Все самое интересное началось тогда, когда турецкая артиллерия стихла, и в атаку, подбадривая себя воинственными криками, мерным шагом пошли аскеры в синих мундирах и красных фесках. Болгарские пехотинцы, поняв, что на их головы перестал лететь всякий мусор, быстро сдернули с пулеметов промасленные чехлы и выставили их на брустверы окопов, а артиллеристы первого и второго скорострельного дивизионов восьмого артиллерийского полка вскрыли снарядные ящики и начали быстро-быстро подавать их содержимое к орудиям.
Прошло всего лишь несколько мгновений – и все тридцать шесть трехдюймовок выбросили навстречу туркам бешено вращающиеся шрапнельные снаряды, а потом принялись бить часто и звонко, словно пытаясь перекричать друг друга. Ватные клубки шрапнельных разрывов стали вспухать над рядами атакующей турецкой пехоты, и каждая такая вспышка означала сноп шрапнели, с визгом прорубающей турецкий строй под острым углом. Чуть погодя забухали полевые мортиры. Бить наперегонки со скорострелками в силу впятеро меньшего темпа огня они не могли, зато их чугунные бомбы весили тридцать четыре килограмма и были начинены шестью с половиной килограммами новейшей смеси, в равных пропорциях состоящий из тротила и аммиачной селитры. Взрыватель, поставленный в осколочное положение, подрывал заряд в том момент, когда бомба под крутым углом ударялась о землю, после чего в багровой вспышке и облаке черного дыма чугунный корпус разлетался во все стороны огромным количеством острых осколков.

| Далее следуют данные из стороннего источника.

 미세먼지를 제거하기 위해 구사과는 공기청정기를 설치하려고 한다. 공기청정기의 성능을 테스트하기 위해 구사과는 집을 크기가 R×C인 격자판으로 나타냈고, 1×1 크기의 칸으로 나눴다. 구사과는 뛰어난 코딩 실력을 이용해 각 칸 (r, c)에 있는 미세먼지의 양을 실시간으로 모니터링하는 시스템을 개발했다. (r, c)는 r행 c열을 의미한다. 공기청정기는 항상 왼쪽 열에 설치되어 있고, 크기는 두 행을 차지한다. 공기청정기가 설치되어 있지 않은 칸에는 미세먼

Потери турок при артиллерийском обстреле ужасали, но те шли и шли, уставив перед собой штыки винтовок, а иногда даже и просто палки. Чтобы сохранить кадровые части до решающего момента, турецкий командующий пустил вперед малополезный, с его точки зрения, редиф. А еще эти аскеры были местными македонскими уроженцами, и теперь рвались домой, к своим семьям, которые оказались во власти восставших болгар. И хоть царь Михаил строго запретил насилие над гражданским населением, какой бы национальности и вероисповедания оно ни было, в турецкой армии об этом запрете ничего не знали, а если и знали, то считали, что многовековую кровавую вражду невозможно остановить росчерком пера.

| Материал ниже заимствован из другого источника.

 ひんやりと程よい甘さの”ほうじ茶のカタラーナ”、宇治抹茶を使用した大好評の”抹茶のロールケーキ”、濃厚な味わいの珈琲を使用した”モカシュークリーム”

Потом, не выдержав обстрела, турки побежали – но не назад, а вперед, чтобы как можно скорее оказаться в мертвой зоне, по которой не будет бить болгарская артиллерия из опасения попасть по своим.
Когда поредевшие и растрепанные цепи в синем наконец приблизились к болгарским окопам на заветные семьсот шагов, то по ним из-за малоприметных бугорков пулеметных гнезд фланкирующим огнем ударили болгарские станкачи, явив миру образчик того действа, что в самом ближайшем будущем может разразиться на просторах Европы. И сколько бы турецкий командующий ни посылал войск в атаки на болгарские позиции, артиллеристы и пулеметчики всех укладывали штабелями на политую кровью землю. Дивизия за дивизией: сначала редиф, а потом и драгоценный низам уходили в бой и гибли безо всякого смысла, ибо патронов и снарядов для истребления атакующих турок у болгарских солдат вполне хватало. В самый критический момент, поняв, что враг растратил свои резервы и морально надломился от вида этой бойни, генерал Путник бросил сербские полки в решающую атаку, которая завершилась беспощадной рукопашной схваткой на улицах Урошеваца.

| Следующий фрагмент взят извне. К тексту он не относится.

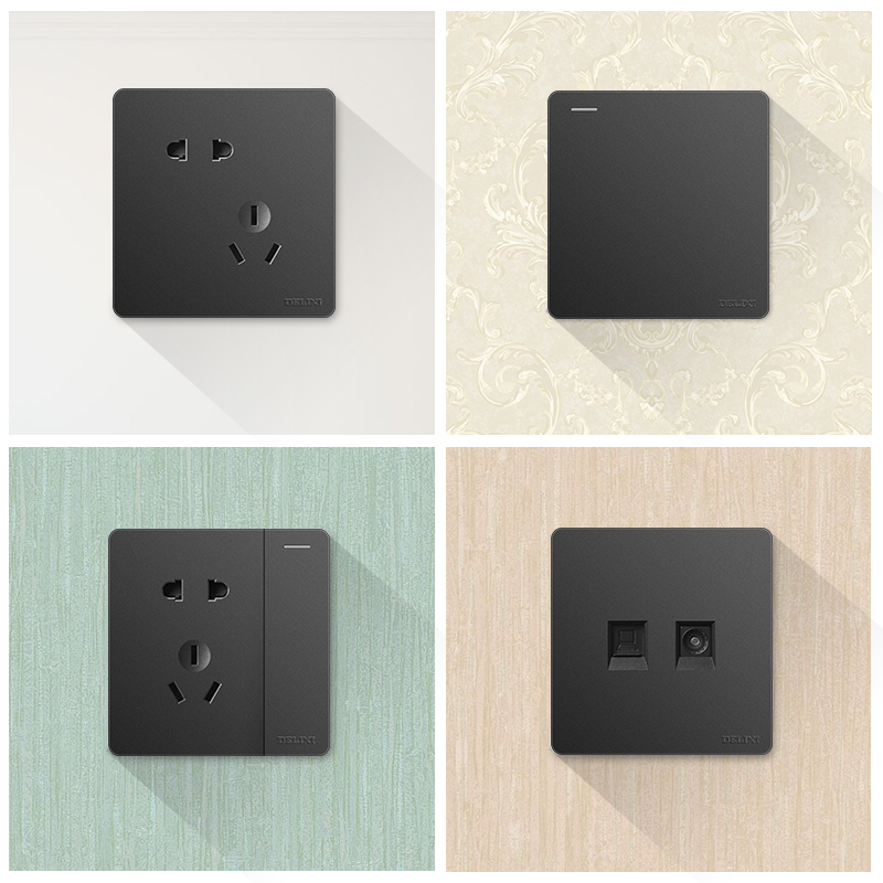 Delixi with switch socket gray 86 panel household wall concealed open five-hole power supply porous black

И только часть османских аскеров сумела ускользнуть от этой бойни в горы, чтобы, с одной стороны, стать проблемой для местных жителей, а с другой, донести до командующего пятым корпусом, что Западной армии, на соединение с которой он стремился, больше не существует. Да и он сам, наверное, все понял, слушая доносящуюся из-за гор приглушенную канонаду, похожую на звуки далекой грозы. Узкая дорога в обход разрушенного участка с крутыми спусками и подъемами, которую в конце концов показали ему местные жители, была пригодна для передвижения его корпуса примерно так же, как франкский столовый прибор вилка для поедания шурпы. И теперь, когда канонада стихла, ему стало вовсе некуда стремиться. Теперь требовалось искать выход из этой опасной ситуации, а не то его корпус зажмут с двух сторон на горной дороге и истребят до последнего человека.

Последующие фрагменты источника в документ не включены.